The second approach in the design of open-loop VCO-based ADCs for sensors is related to the frequency-to-digital conversion stage. This fully digital circuit converts the frequency-encoded output of the oscillator into a digital bitstream that reflects the ADC input signal variation. Among the most important design goals of this block are the converter resolution improvement and the power-efficient implementation. This is addressed in this thesis with the proposal of two different architectures for the VCO based ADC quantization circuit.

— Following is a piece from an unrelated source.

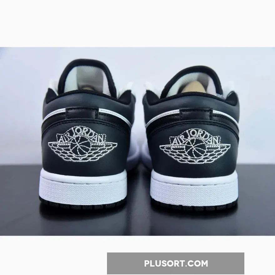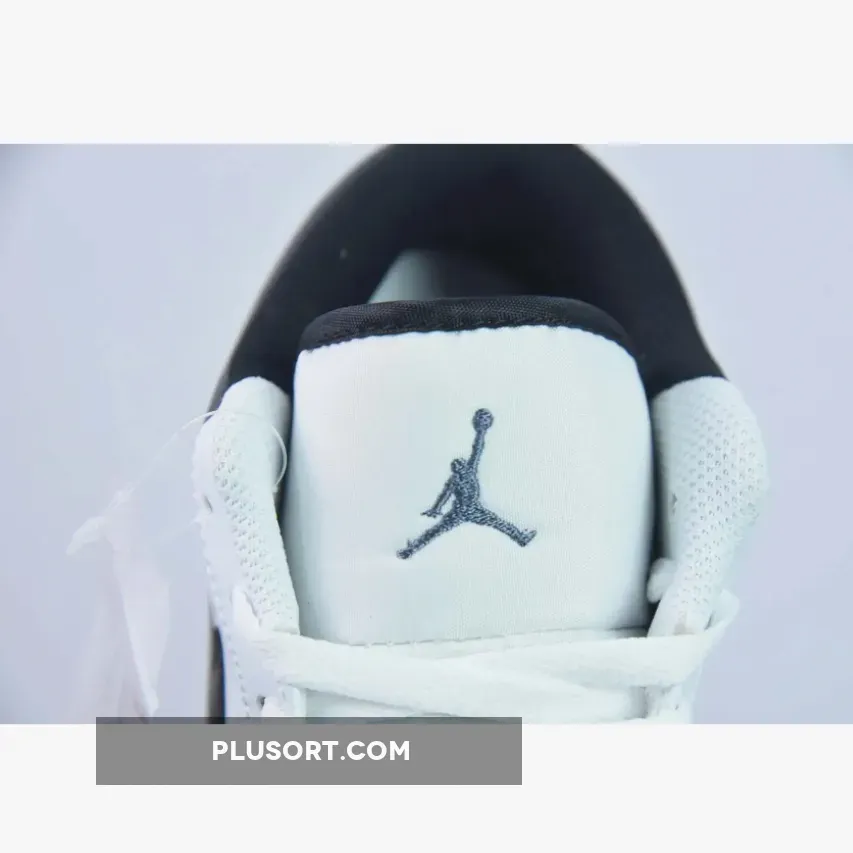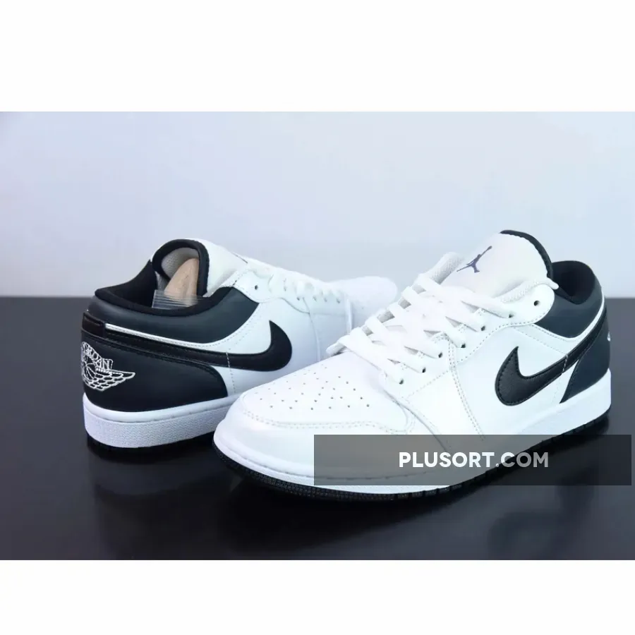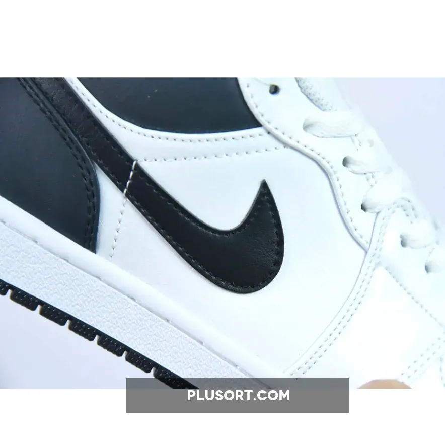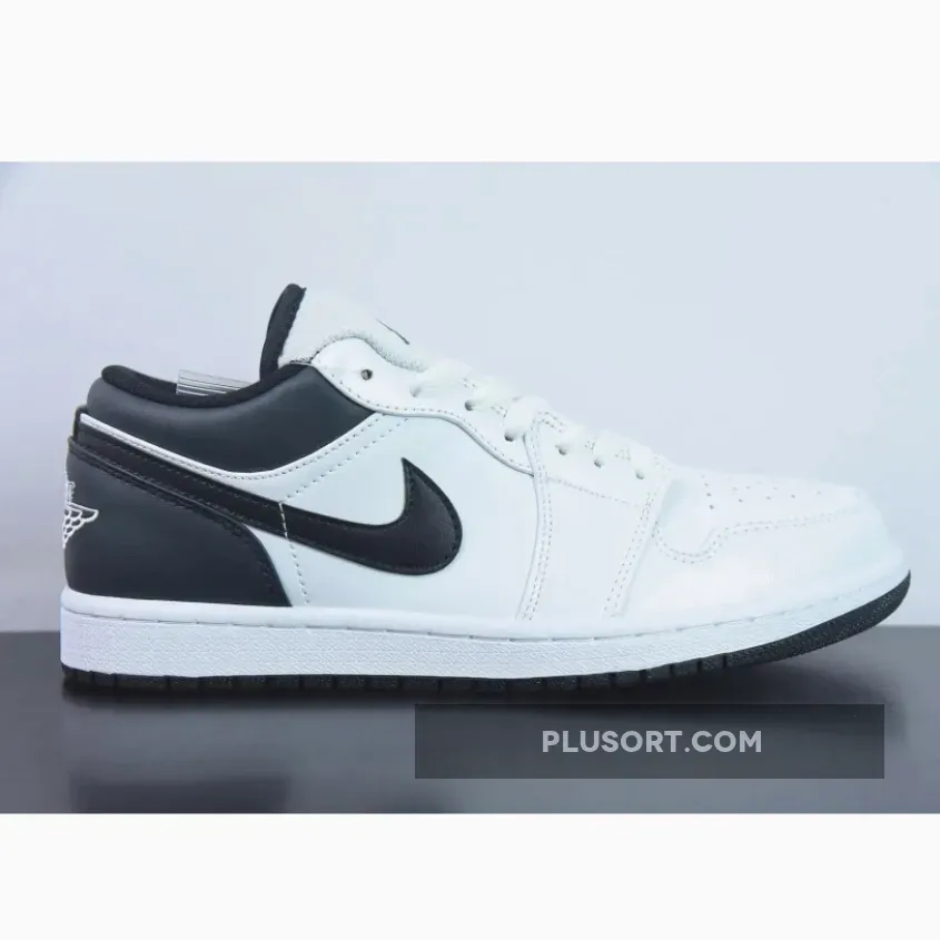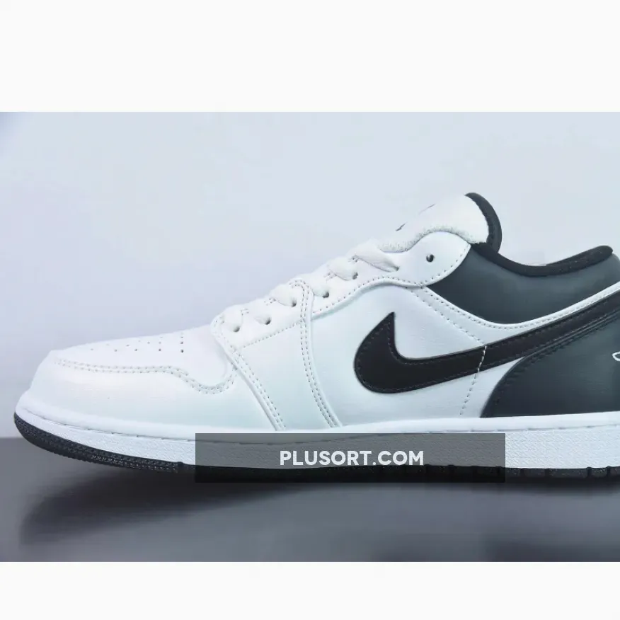 this Air Jordan 1 Low is primarily covered in white leather with contrasting black accents on the back half.Smooth white leather gracefully wraps around the toe box, mudguard, eyestays, and quarter panel.

The first architecture utilizes a time-to-digital converter (TDC) to improve the converter resolution without increasing the noise shaping order or the system sampling clock, while the second one is based on a novel power-efficient coarse fine quantization method.
The idea behind the basic TDC architecture applied to the quantization circuit of a VCO-based ADC has been described in this dissertation. This solution is based on the use of a digital delay line, which emulates a much higher sampling frequency compared to the original ADC sampling clock, when connected to one of the VCO output phases. The resolution enhancement obtained by using the TDC delay line architecture can also be justified considering the equivalence between the VCO operation and the pulse frequency modulation (PFM) theory. The resolution improvement obtained with the delay line has been proven in this dissertation by behavioural simulations. Also, the possible impact of non-idealities on the TDC system, such as delay mismatch and jitter in the clock has been analysed. Behavioural simulations show a faster system degradation for longer delay lines in presence of mismatch in the delay line units. For the clock jitter influence analysis, simulations show a better tolerance to this impairment than in continuous time sigma-delta (CT-ΣΔ) modulators. Two equivalent solutions in terms of resolution have been presented for the delay line post processing circuit but generating different bit formats at the ADC output. A single-bit or a multi-bit output bitstream can be generated with this VCO quantization architecture, depending on the audio application requirements.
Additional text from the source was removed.